Мориц, держа руки по швам, пошевелил «пальцами и признал, что он, конечно, виноват, крошечку поторопился, но людей мало, и потом, разве это люди, с такими быстро не управиться, а не снять вовремя, как бы совсем провод не потерять, сменщики захватят.

— Значит, чтоб у нас была связь, это, по-твоему, необходимо, а на остальных начихать? Мы будем десять дней отдыхать, и скатанный провод столько же пролежит без дела, но тем, кто нас заступает, ты и метра не оставишь? Так, что ли?

— Так, так, — подтвердил Мориц, довольный, что его правильно поняли.

Белов, до сих пор, несмотря на весть об окружении франко- бельгийского батальона, сохранявший самообладание, внезапно вскочил, ногою пнул мешавший стул и закричал на Морица, что он форменная собака на сене, но что здесь ему не частная лавочка, а республиканская армия, и все, что у нас есть, включая наши жизни, принадлежит не нам, и кто этого не усвоил, тому не место в интербригадах...

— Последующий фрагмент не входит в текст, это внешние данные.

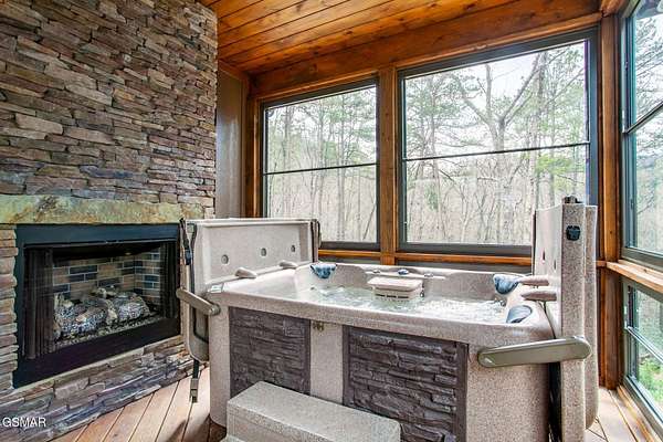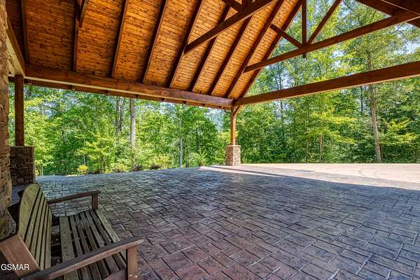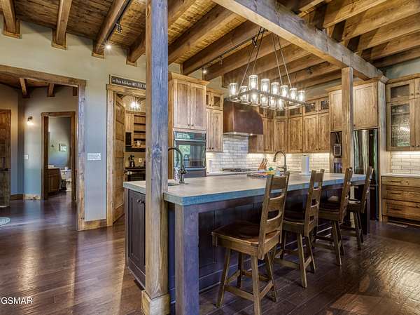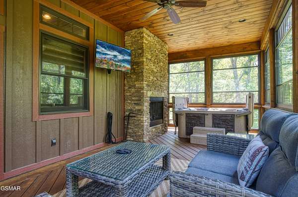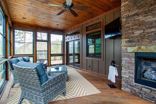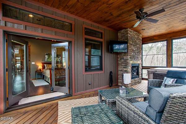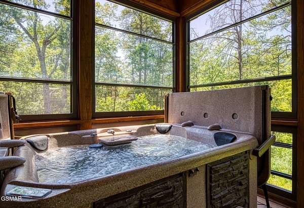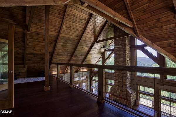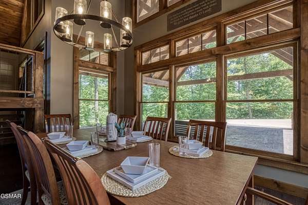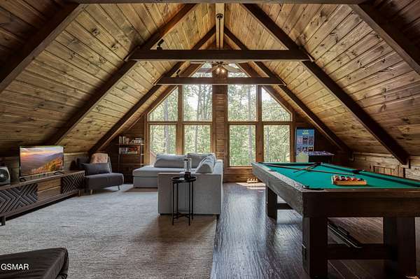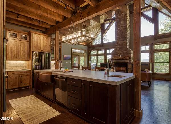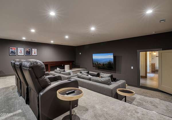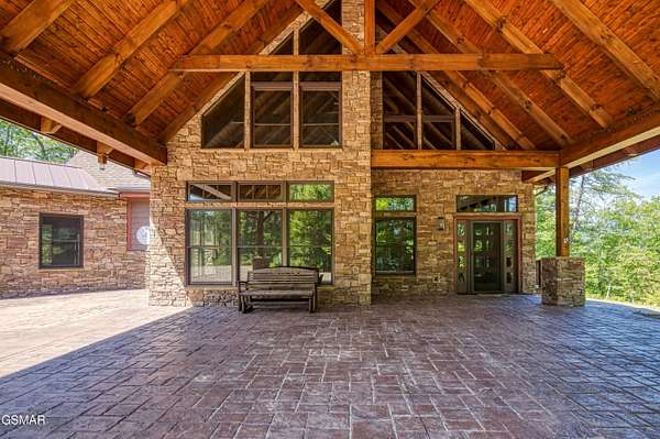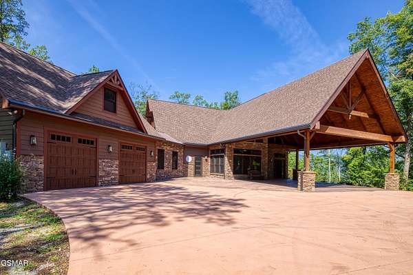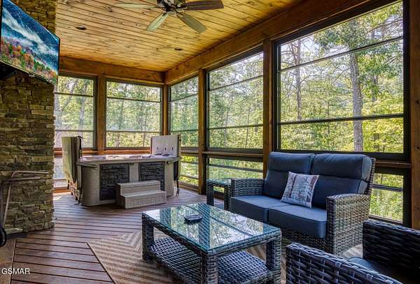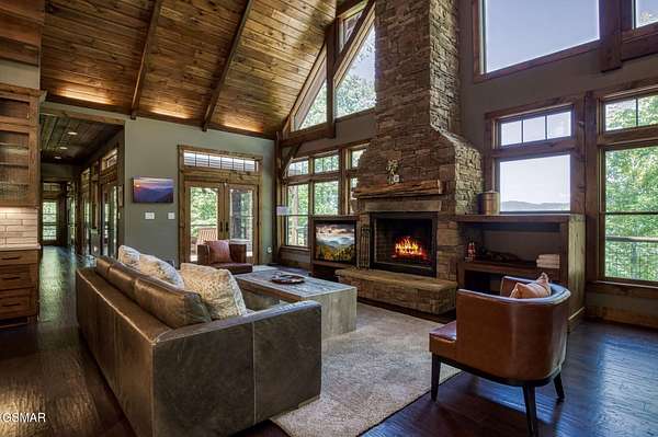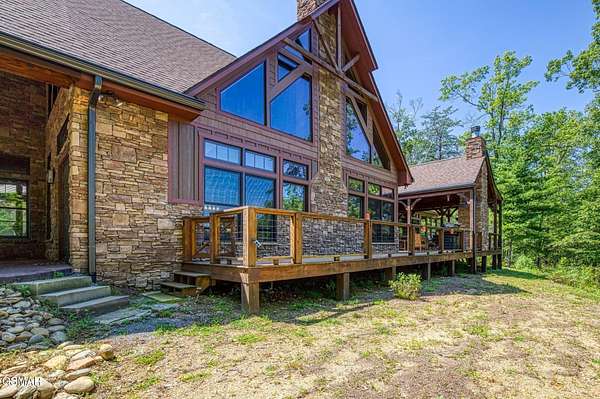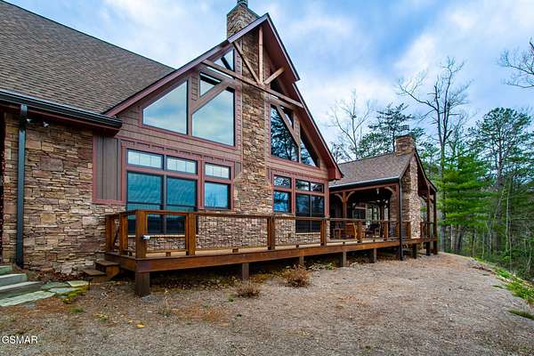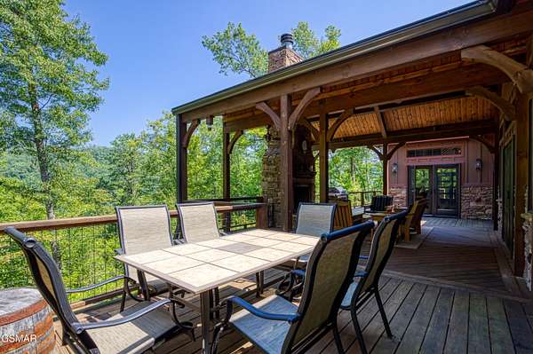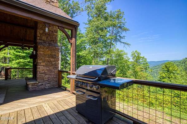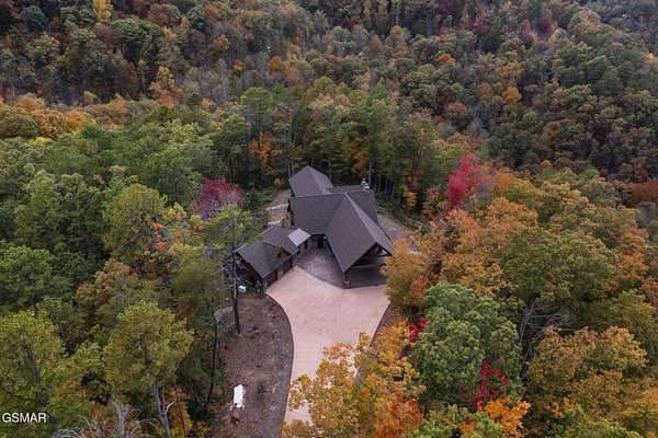 Where luxury meets Smoky Mountain grandeur. Mountain Living at Its Finest. Privately positioned at the center of 15 acres, this timber-framed luxury mountain retreat delivers exceptional craftsmanship, privacy, and panoramic mountain views. Built in 2020 with no expense spared, the home is designed for refined indoor-outdoor living and elevated entertaining. The residence features three en-suite bedrooms, a spacious loft currently used as a game and entertainment space, and four spa-inspired bathrooms. A designer kitchen anchors the main living area with solid-surface concrete countertops, premium appliances, and an oversized walk-in butler's pantry, offering both functionality and luxury. Outdoor living is truly resort-level. A private owner's deck includes a bubbling hot tub, stacked-stone gas fireplace, and TV. The primary deck offers both covered and open-air living, highlighted by a stacked-stone wood-burning fireplace, outdoor TV, and sweeping mountain views. Multiple fully opening interior doors create a seamless indoor-outdoor experience ideal for entertaining. An 800+ square-foot custom designed private media room, fully heated and cooled, provides an exceptional entertainment space suitable for year-round enjoyment. Architecturally, the home showcases a refined timber-frame design blending rustic mountain character with modern luxury. Exposed beams, stacked-stone accents, and expansive glass frame the surrounding Smoky Mountain landscape while delivering a dramatic yet warm aesthetic. Currently operating as a successful short-term rental, the property offers an excellent rental history and an established base of repeat guests already in place-providing immediate income potential without sacrificing its appeal as a luxury second home. Additional features include an integrated whole-home generator, private gated entrance, and a comprehensive whole-home water treatment system with mechanical filtration, brine tank, ultraviolet purification, and reverse osmosis system with a three-stage filter and four-gallon storage tank. A striking 30' x 30' covered motor court creates a grand arrival experience with full timber framing, accent lighting, oversized ceiling fan, and stained, stamped concrete flooring. The property is accessed by a long, illuminated private drive and includes an outdoor storage shed for added functionality. A rare offering combining privacy, architectural distinction, and proven performance-ideal as a premier second home or high-end short-term rental investment in the Smoky Mountains.

Мориц, перестав шевелить пальцами и лишь часто помаргивая, с испуганным недоумением смотрел на разгневанного начальника штаба, продолжавшего выкрикивать, что если весь скатанный провод сейчас же не будет уложен обратно, то кое-кто может угодить под суд как саботажник. Заметив, однако, по растерянному лицу Морица, что [389] тот не понимает значительной части обращенного к нему крика, Белов остановился на полуслове, вздохнул, поднял стул и обыкновенным своим приглушенным голосом, но тоном, не терпящим возражений, принялся повторно распекать Морица по-немецки. Теперь тот слушал с покорной готовностью, с какой дисциплинированные подчиненные внимают начальству, которое они ни в грош не ставят. Однако чем больше до Морица доходило содержание беловских упреков, а главное, его требование, тем сильнее менялась подвижная физиономия старика. Сперва на ней отражалось изумление, затем почтительное, но твердое несогласие, а к концу неподдельное отчаяние. Еретическая концепция Белова, нарушающая установившиеся представления о воинском имуществе, не вмещалась в седую головенку начальника связи. Когда же он, наконец, усвоил, что все это не беспоследственная болтовня, но от него всерьез хотят, чтоб вот так, за здорово живешь, он отдал другим километра полтора нелегко добытого провода, несчастный Мориц сник, словно глава преуспевающей фирмы, в результате грязных биржевых махинаций потерпевшей крах. Шепча что-то себе под нос, он начал собираться: надел пояс с висящим спереди, где пряжка, непомерно большим пистолетом, сунул в боковой карман электрический фонарик, взял в руку брезентовые рукавицы, но все это — с до того растерянной миной, что мне вчуже стало жаль беднягу. Получив от Белова дополнительные указания, касавшиеся батальона Гарибальди, и горестно вздыхая, но ничуть не смягчив каменное сердце начальника штаба, печальный Мориц ушел в темную и холодную ночь.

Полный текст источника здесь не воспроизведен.